Beitragvon immernoch_ratlos » Sa 18. Mär 2017, 09:36

Jekyll hat geschrieben:Es leben in diesem Land türkische Mitbürger, die ein berechtigtes Interesse an der politischen Gestaltung ihres Heimatlandes haben.. Diese Interessen werden beschnitten aus rein wahltaktischen, populistischen Gründen
Bewundernswert, wie Du die türkische Fahne hochhältst.

Danach ist aber Schluss mit der Bewunderung - solange das Interesse " an der politischen Gestaltung ihres Heimatlandes" - was rein zufällig auch mein Heimatland ist, sich auf der Ebene des GG bewegt, ist alles paletti. Nur die Idee, die dt. Verfassung à la Turk zu verändern, mach uns zu klaren Feinden.

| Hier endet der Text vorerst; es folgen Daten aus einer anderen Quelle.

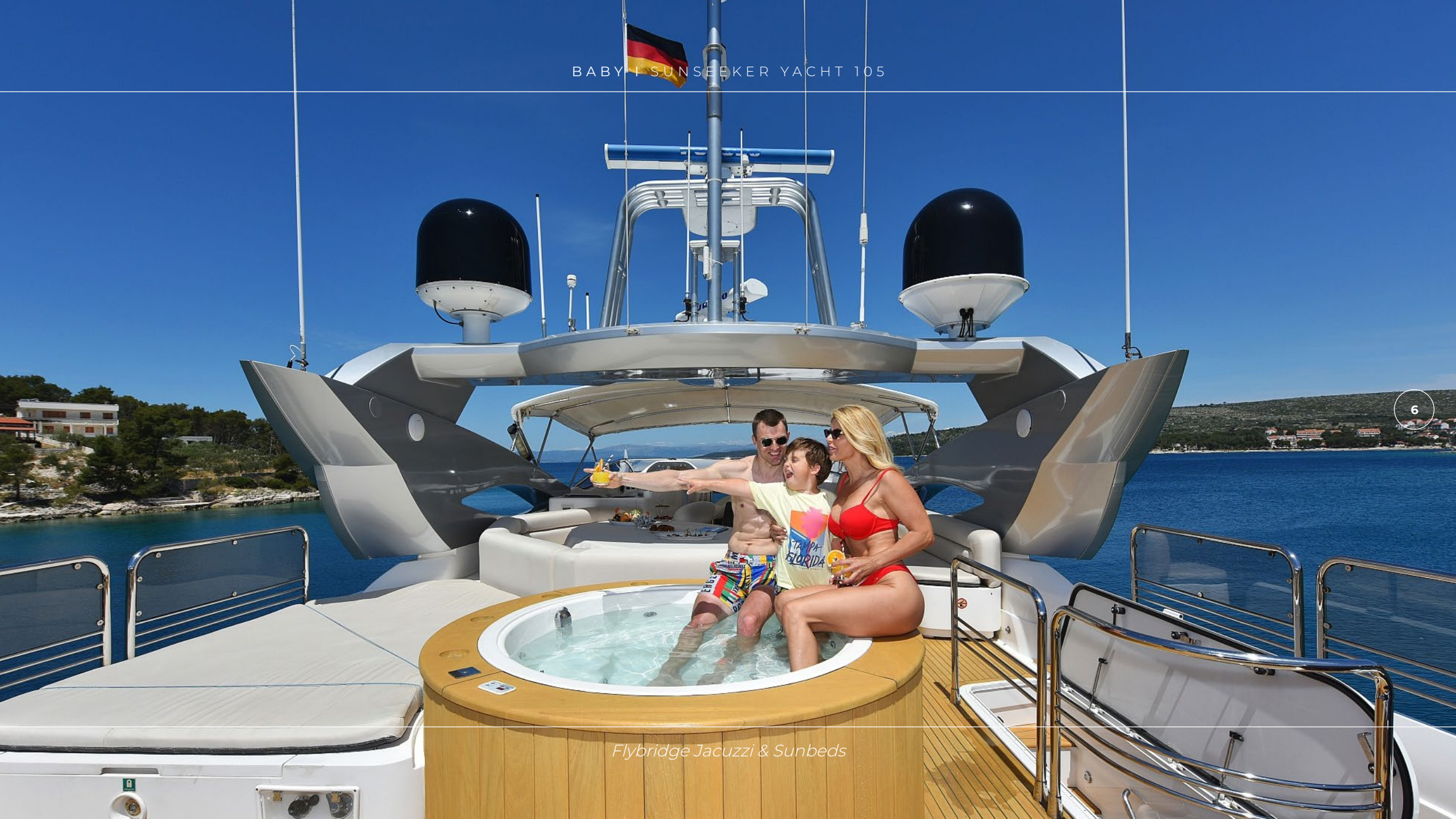
Flybridge Jacuzzi & Sunbeds

Wer sich für die Ideale der AKP - also für die absurde erdoganschen Vorstellungen von "Demokratie" stark macht, hat in D nichts verloren. Schon wegen den zahlreichen türkischstämmigen Deutschen, die das so wie alle Demokraten hier sehen. Wie nicht zum ersten mal, die Idee der geteilten Lokalität hat sich mit diesen Ereignissen ad absurdum geführt. Entweder bin ich Deutscher, Türke oder was auch immer - dann aber ganz und nicht nach politischer "Großwetterlage" mal dies und wenn es "passt" mal das Andere.

Nach allem was der neue Sultan ganz offen zeigt, muss man den Teil der türkischen Kommune, der sich zu Erdorkan und dessen Gewaltherrschaft in der Türkei bekennt, als mindestens bedenklich angesehen werden. Nicht weit davon entfernt, was gewiss nicht nur ich über Salafisten - Anhänger der IS und auch die PKK denken gezwungen bin.

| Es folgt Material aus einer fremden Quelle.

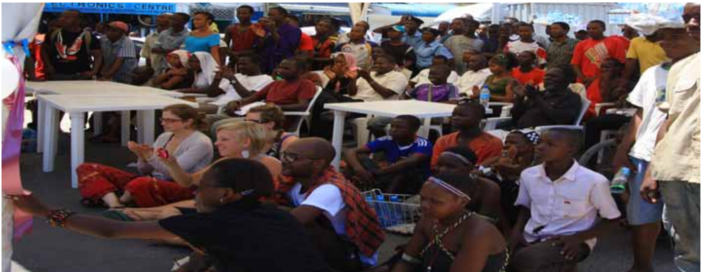
Audience Looks on

Für mich bedarf es kaum noch mehr demokratiefeindlicher Aussagen, um den jetzt in allen europäischen Staaten als Spaltpilz in Erscheinung tretenden Neuosmanen die Tür zu weisen. Die sonstigen Probleme die Europa hat, müssen nicht noch zusätzlich durch solche Umtriebe vergrößert werden. Das Ganze Geblubbere über demokratische Rechte auch von Extremisten à la Turk, ist völlig idiotisch. Wer "zunächst" in seiner wahren Heimat jeglichen Rechtsstaat und die wohl kaum je komplette Demokratie, abschafft und dann noch diese aus "Interesse an der politischen Gestaltung ihres "sekundären" Heimatlandes" dort, also hier, gleich auch noch abschaffen will, kann wohl kaum als loyal gelten (Passdeutsche). Wer hier lediglich seien ausländischen Wohnsitz hat, kann ohnedies nichts von seinem "Gastland" fordern.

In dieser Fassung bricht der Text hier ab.